Download source - 973.1 KB

Introduction

This project demonstrates the use of Apache HBase (http://hbase.apache.org/) with the Java API. It is intended as a starting point for exploring the capabilities of HBase and to give developers new to HBase an overview on getting started. Updated code for this project can be found at GitHub (https://github.com/ggraham-412/HBaseJavaExample, commit b1fdec) and in the accompanying zip file.

Background

Apache HBase is a column-oriented, key-value NoSQL database modeled after Google's BigTable (http://research.google.com/archive/bigtable.html). HBase is designed to work with Hadoop Distributed File Store (HDFS), and it is designed from the outset for scalability on clusters of commodity hardware. As with other NoSQL database projects, HBase delivers on its scalability promise by giving up on some of the features of a traditional RDBMS, such as transactional integrity, referential integrity, and ACID (https://en.wikipedia.org/wiki/ACID) guarantees. HBase preserves some of these guarantees, and only under certain conditions.

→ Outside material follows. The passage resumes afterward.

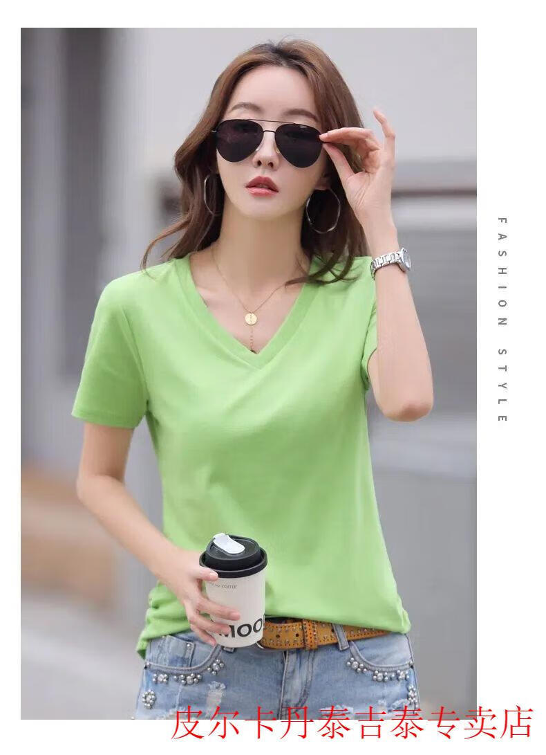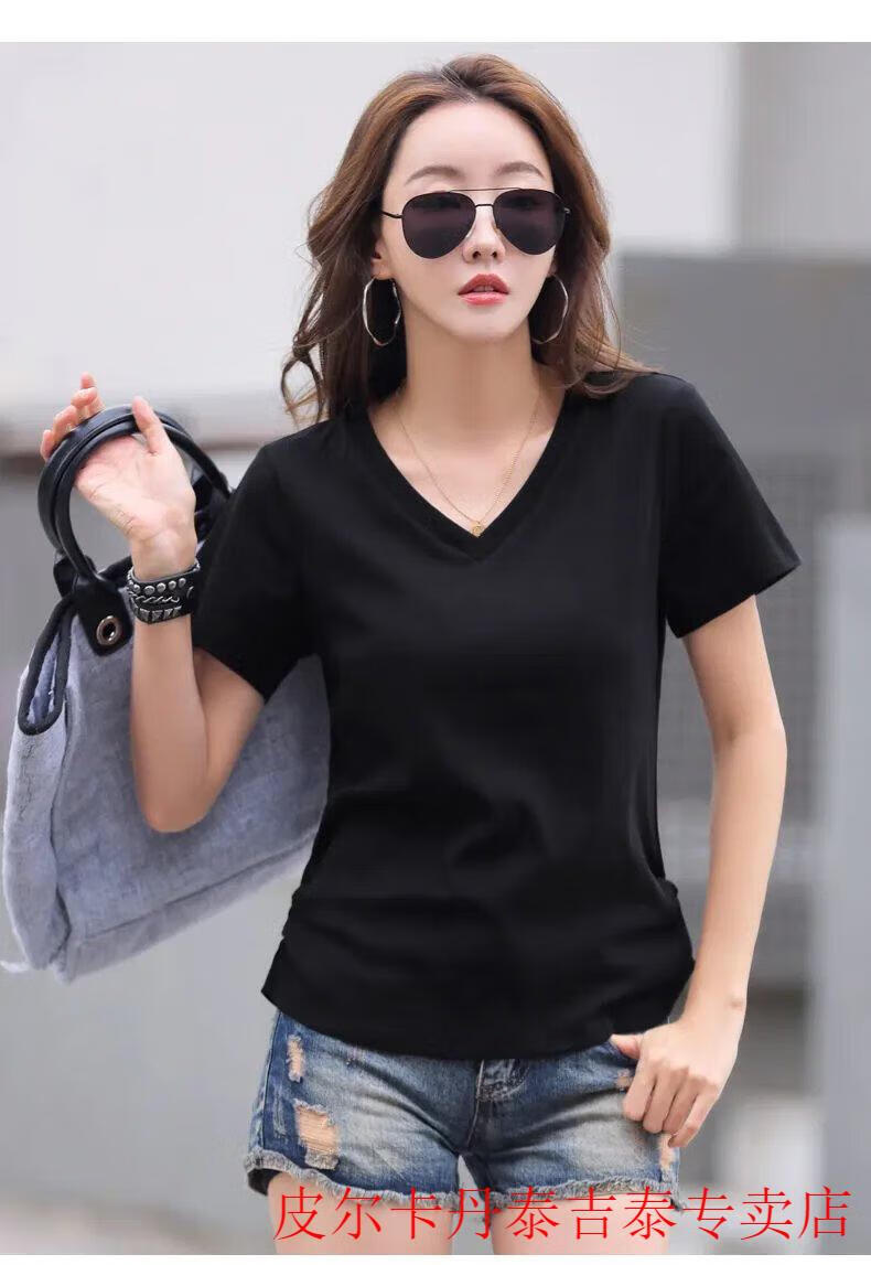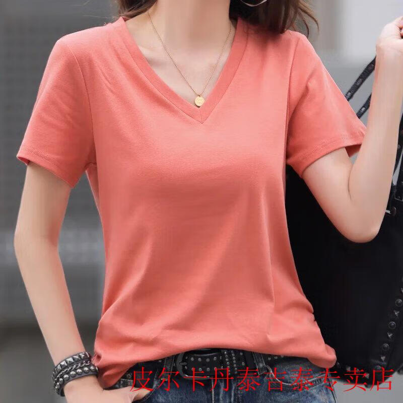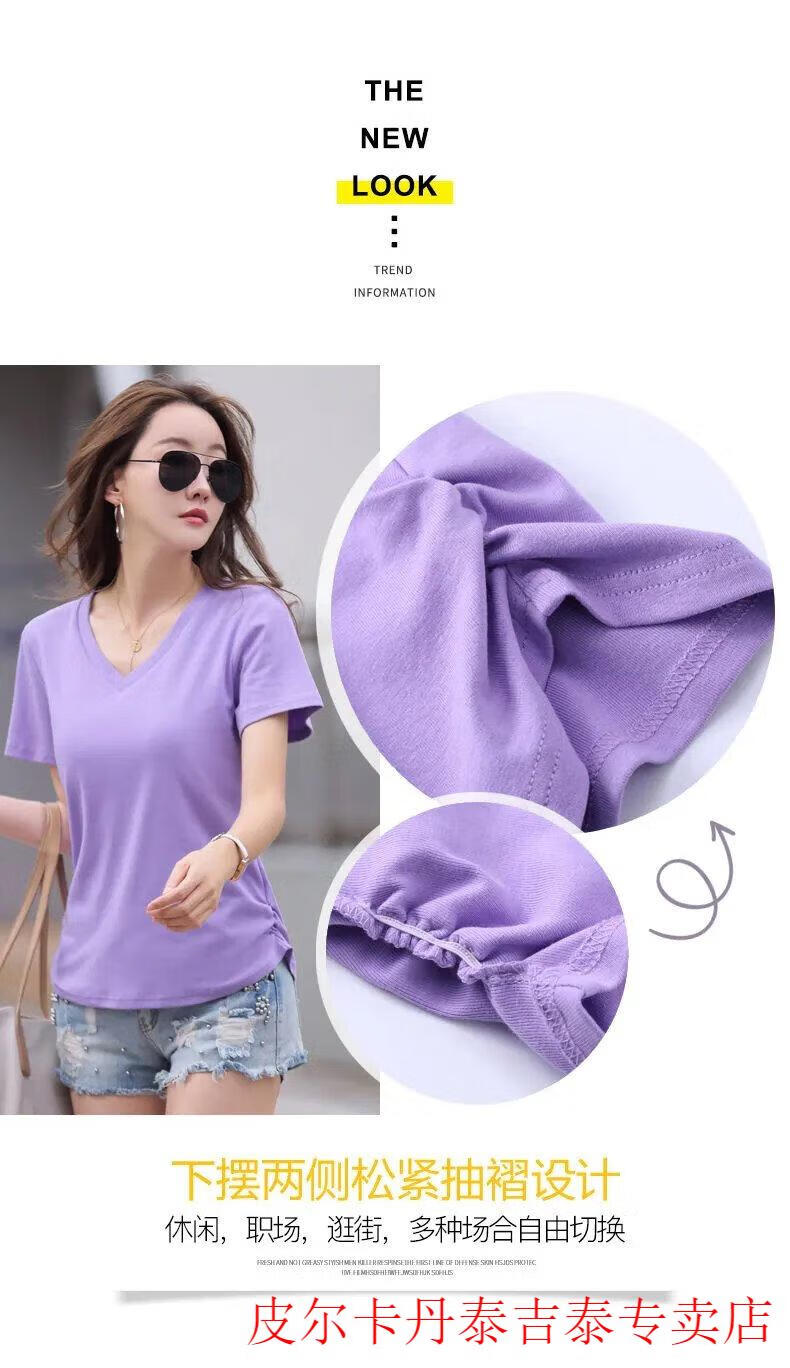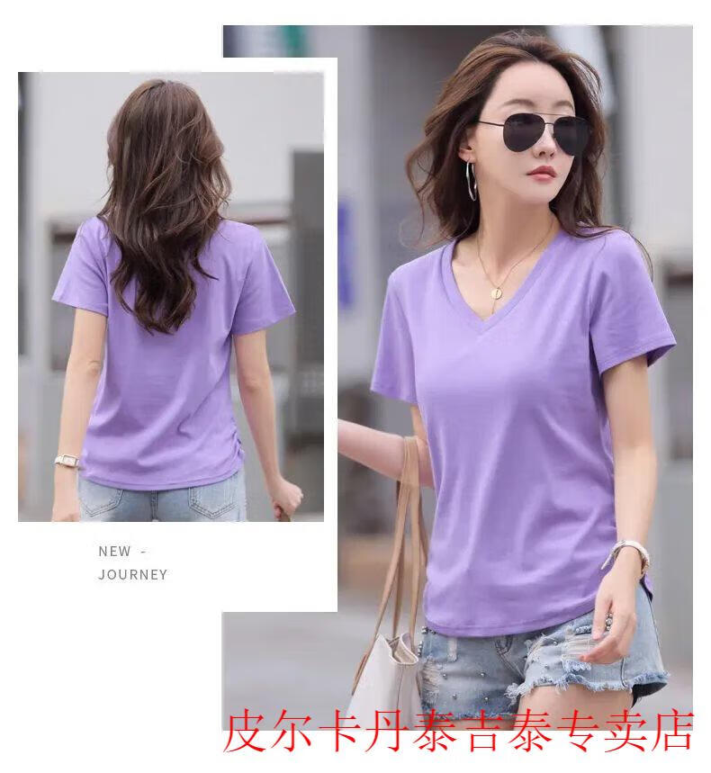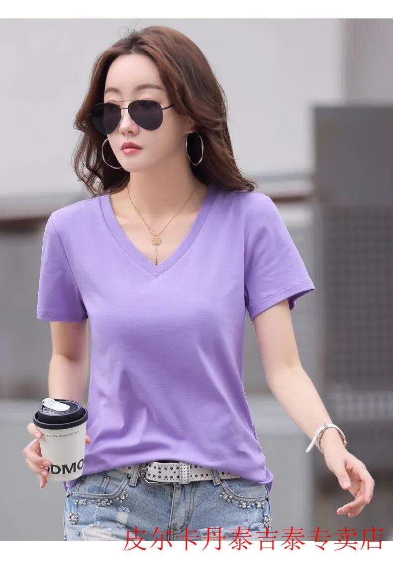 皮尔卡丹(pierre cardin)薄款休闲纯棉v领正肩短袖T恤女夏季韩版新款时尚运动气质T恤衫潮 气质紫(纯棉9854款) S 85-95斤

HBase implements a horizontally partitioned key value map. Every item in HBase is addressable by a row key, a column family, and a column name within the family. Furthermore, every item is versioned by timestamp. HBase will store up to N versions of data with N being settable on the column family. When querying HBase, if the version is not given, then the most recent data is returned.

{row key, column family:column, version} -> {data item}

The row key, column family, and column are represented as byte arrays. Although strings are commonly used for all three, only the column family has the restriction of using printable characters. The version must be a long integer.

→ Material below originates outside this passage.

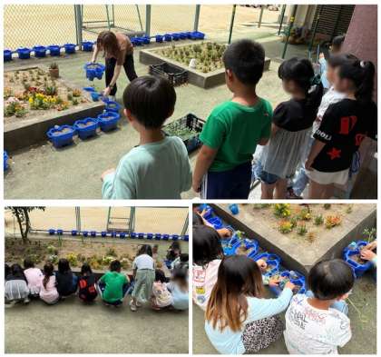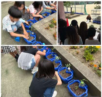 2年生は生活科でミニトマトの苗を、一人ずつの鉢に植えました。これからミニトマトの成長を観察します。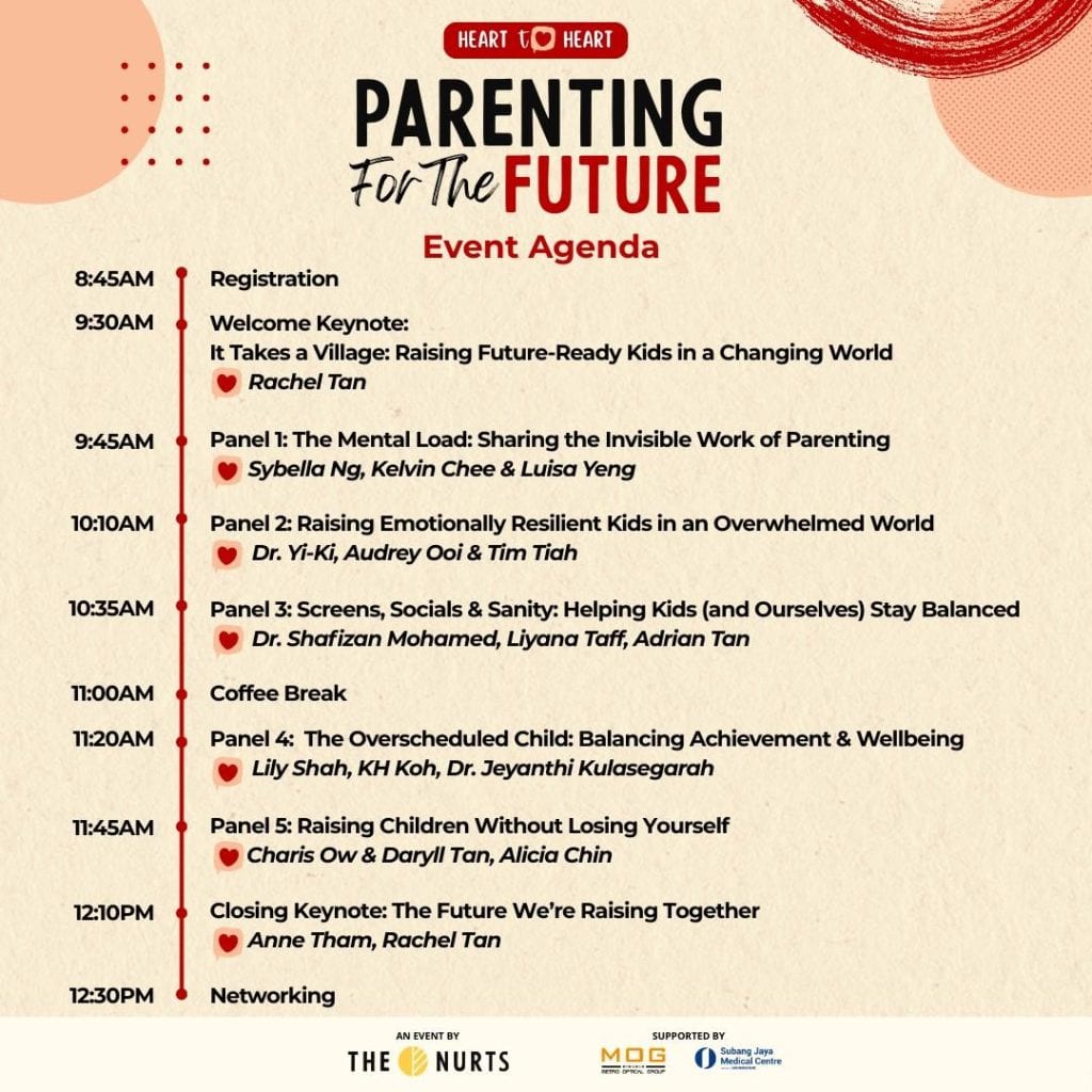 Organised by The Nurts, a Malaysian brand devoted to nurturing emotional intelligence, meaningful conversations, and lifelong learning through play, the event will feature speakers including Dr Yi-Ki (Paediatrician), Anne Tham (Founder and Group CEO of ACE EdVenture Group), Dr Jeyanthi Kulasegarah (Paediatric ENT Surgeon), Audrey Ooi and Tim Tiah (content creators and co-founders of Colony Co-Working Space and Events), Charis Ow and Daryll Tan (content creator and co-founder of OpenMinds Group, respectively), Alicia Chin (Chairman of IBU Family), Lily Shah (COO, Parenthood Media), and more.

Records are clustered lexicographically by row key. It is the only sortable key, and so it is common practice to make it a munged compound key. Care is required in the design of the row key, and the choice of munging must reflect the expected nature of the queries to be supported. In a fully distributed HBase system, data will be housed on "region servers" based on regions of the row key space.

Using the Code

Installation and Deployment

This project contains example code for accessing HBase from Java. The example code will import daily stock price data from Google Finance into HBase and run simple queries against it. The example was developed with HBase 1.0.1.1 or compatible, Java 8 JDK update 60, and Fedora 22 linux (4.1.6-200.fc22.x86_64). It should also run on Windows using Cygwin (http://hbase.apache.org/cygwin.html), but this is untested by me.

Unpack the HBase archive and edit the configuration scripts if desired. HBase should start up running against the /tmp folder by default, and not using HDFS. To change the folder HBase uses for its store, edit the configuration file conf/hbase-site.xml as follows:

<configuration>
  <property>
    <name>hbase.rootdir</name>
    <value>file:///data/hbase</value>
  </property>
  <property>
    <name>hbase.zookeeper.property.dataDir</name>
    <value>/data/zookeeper</value>
  </property>
</configuration>

The foregoing configuration will cause HBase to use the /data folder on the local host. Note that it is not necessary to create the /data/hbase and the /data/zookeeper folders; HBase will do that for you. However, the /data folder should be writable by whatever user is running the HBase daemon.

To start HBase, issue the command:

bin/start-hbase.sh

The example code contained in this archive was compiled under Java version 8 update 60 from http://www.java.com.

Compilation

The Java code must be compiled against a rather large number of jar files that come with HBase. I do not know if all of the jar files are really needed, but including them all works. There is a small shell script called makeCPATH to help with this. The script must be sourced with the location of the lib folder as first argument.

. ./makeCPATH.sh /path/to/hbase/lib
echo $CPATH

Afterwards, the variable CPATH should contain a list of all of the jar files in the HBase lib folder. On Windows, you'll need to write an equivalent .bat file to do the same thing. Alternatively, you can import this code into an IDE like eclipse and set the project build path to include all of the jar files using a dialog box interface.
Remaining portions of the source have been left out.